The roll listed the Priory’s lands in Nonington and Womenswold as:
‘One other rent of ours of twenty pence and service due to us yearly, arising from one tenement (dwelling and out-buildings) and lands in Holestrete in the parish of Nunyngton  in the said County of Kent, now or lately of Richard Mockett.
“One other rent of ours of eight pence and service due and belonging to us yearly, arising from certain lands in Holestrete aforesaid called the Church Landes [Clerk’s Acre] now or lately of the Wardens Of the Parish Church of Nunyngton aforesaid.
“One other rent of ours of 15/3d. And service due to us yearly ect……certain lands called Deanehill (Denne Hill) in Wymyngeswold in the parish of Kingston held by (blank) Watson.
Also, 15/3d. rent from aforesaid Deanehill held by Thomas Deane and John Nethersole”.
The total Revenue from the above was 30s 6d or £1.521/2 p. 

The above is the first mention of a tenement on the land and possibly indicates that the present Butter Street Cottage was built in the early 1550’s. The John Nethersole referred to was a member of a wealthy local land-owning family and a local favourite of Henry VIII.

Mary died in 1558 and was succeeded by her-half sister Elizabeth, a staunch Protestant like her half-brother Edward VI. The newly crowned Elizabeth  confiscated the Knights restored properties in 1559, but, despite the seizure of the Order’s recently restored property, there was no suppression of the English Grand Priory. The remaining handful of English knights  joined their brethren abroad and later fought with the Order against the Turks during their besieging of the Order’s  headquarters on the island  of Malta in 1565.
The Boys family acquired the Holt Street Butts tenement and absorbed it into their Holt Street estate during the late 1500’s, and Holt Street was eventually sold around 1684 by Christopher Boys to Fulke Rose, a Jamaica merchant. Holt Street eventually came into the possession of infant Sir Brooke Bridges of Goodnestone in the 1750’s.

In the second decade of the 19th century the majority of the Holt Street estate and Woolege Farm in the neighbouring Womenswold parish was bought back into the Fredville estate by the Plumptre family in whose possession Fredville still remains.  However, the Holt Street Butts tenement, which eventually became known as Butter Street Cottage, was one of several small properties excluded from the sale and retained by the Goodnestone estate.
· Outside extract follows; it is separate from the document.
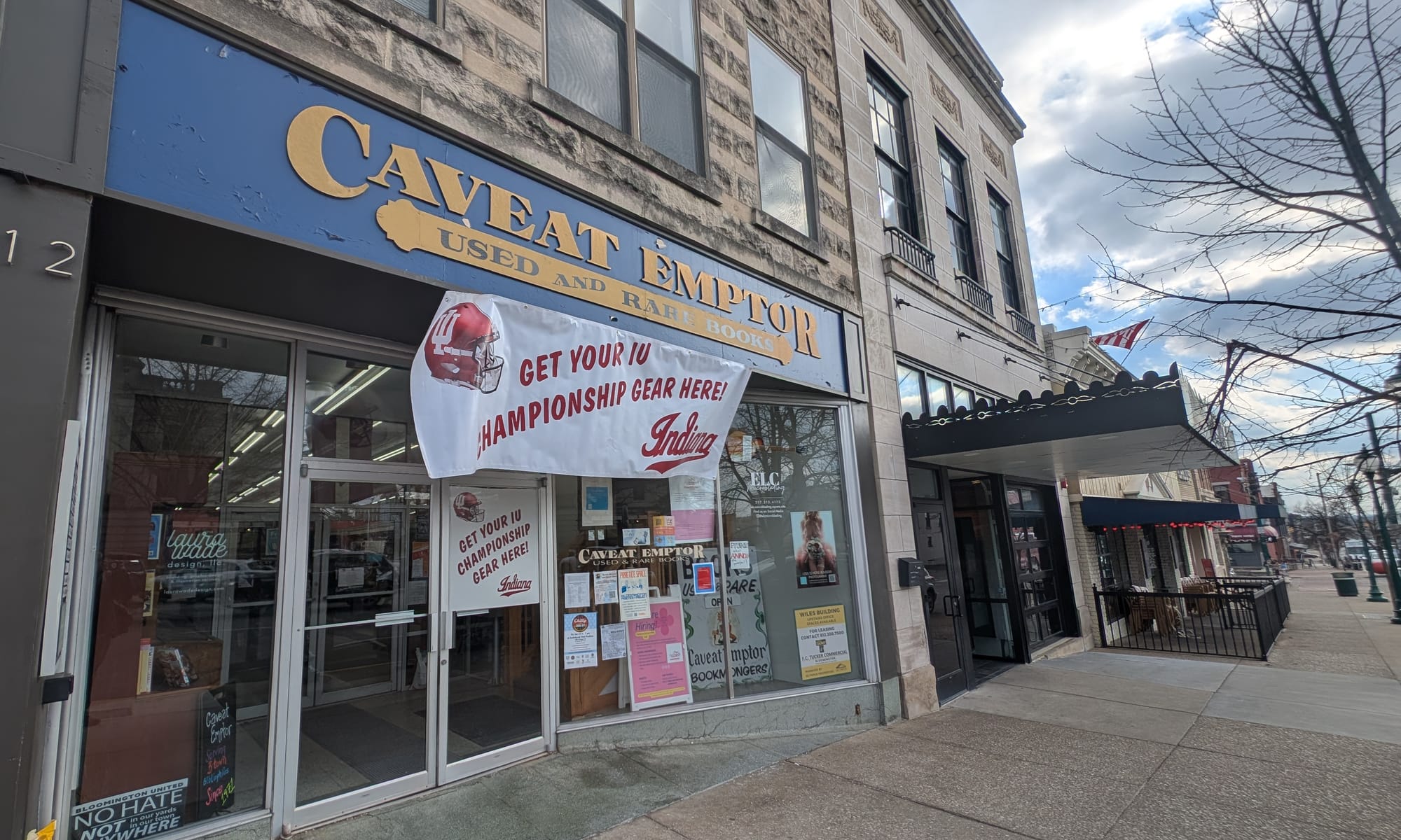 B There Courthouse square The banner hanging in front of Caveat Emptor says: “Get your IU championship gear here!” The banner hanging in front of Caveat Emptor says: “Get your IU championship gear here!” (Dave Askins, Jan. 22, 2026)

These retained properties included the present Farthingales at the bottom of Old Court Hill, the land that Nonington school is built on, and Cookys Farm just above the Holt Street cross-roads.

After World War II Butter Street Cottage became known as “Posty Morgan’s Cottage” after the long serving village postman who lived there for many years and older villagers still use this name when referring to it. “Posty” Morgan lived there until his death the mid-1960’s. After “Posty” died the Goodnestone estate sold the cottage which by then had long since  been detached from its “five rods of land”. The cottage was  badly damaged by fire and extensively restored in the 1980′s.